Note: He appears to be experiencing some bone or muscle pain so strong gripping, etc. should be avoided. When you see hm notice how thin his wrists and hands have become. Please avoid considering him as a prisoner of his bed who must accept whatever the visitor wishes to do; in other words, be cautious about imposing on him if he is clearly demonstrating some signs that he is uncomfortable with certain gestures, conversations, or the length of the visit. I am not sure how comfortable he would be with kisses or hugs and these may be difficult. Please avoid physical contact if you’re fighting an infection or you yourself are very susceptible to infection. There are excellent online resources to give us guides for visiting the hospice patient.
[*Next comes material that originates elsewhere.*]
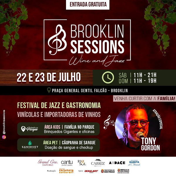 Nos próximos dias 22 e 23 de julho, a Caramelo Cultural traz o Brooklin Session Wine and Jazz, uma grande festa ao livre com entrada gratuita, feira gastronômica, show especial com Tony Gordon, atividades para as crianças, música, degustação de vinhos e empórios.
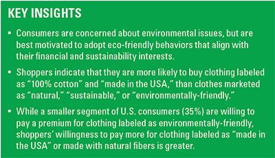 Environmental activism among consumers has steadily progressed due to more individuals adopting eco-friendly habits. Key InsightsConsumers’ eco-sensitive attitudes and behaviors can be understood as a form of enlightened self-interest. More than two out of three consumers (70%) agree that they are happy to be environmentally-friendly as long as it saves them money. Financial incentives can also play a significant role in shoppers’ decisions to purchase apparel. More than 8 out of 10 consumers (86%) say that knowing clothing features and care factors could ultimately save them money is very influential in their decisions to purchase.

- Finally, it always helps to ask Sr. Augustine of St. Chantal, the nurse on duty, and especially the aides to help you understand how they perceive his cognition and mood that day. If you witness anything distressing about his behavior, don’t be reluctant to ask one of them if they’ve noticed this and how this is being handled. They’re the experts. Sacred Heata Home and now Heartland Hospice are premier institutions. All of us should be so fortunate as to their ministrations in our last days. He is getting excellent care. Staff repeated tell me how much they love “Father George.” He’s made a very positive impact on them and on many of the other residents. Any questions or concerns that I’ve had about his treatment over these past two years have always been explained with respect, patience, and clarity. You are also encouraged to contact me if you have any concerns, which I’m confident will never or hardly ever be the case.
- Well, one more thing, could you send an email to everyone on this email list, indicating when you are going to visit and/or have visited Father George. That may help all of us in planning our own visits.
Sto lat, sto lat, Father George
how fortunate and blessed we were to have been in the holy presence of this man -sometimes only knowing him as part of our family and forgetting his incredible influence. An honor to have shared any time with him at all.
Hi Vinny! I will keep Fr George in my prayers. Always will remember you two coming to Brookville (1997) when we were novices. Best retreat all year.
That’s wonderful, Michael! Thank you and many blessings!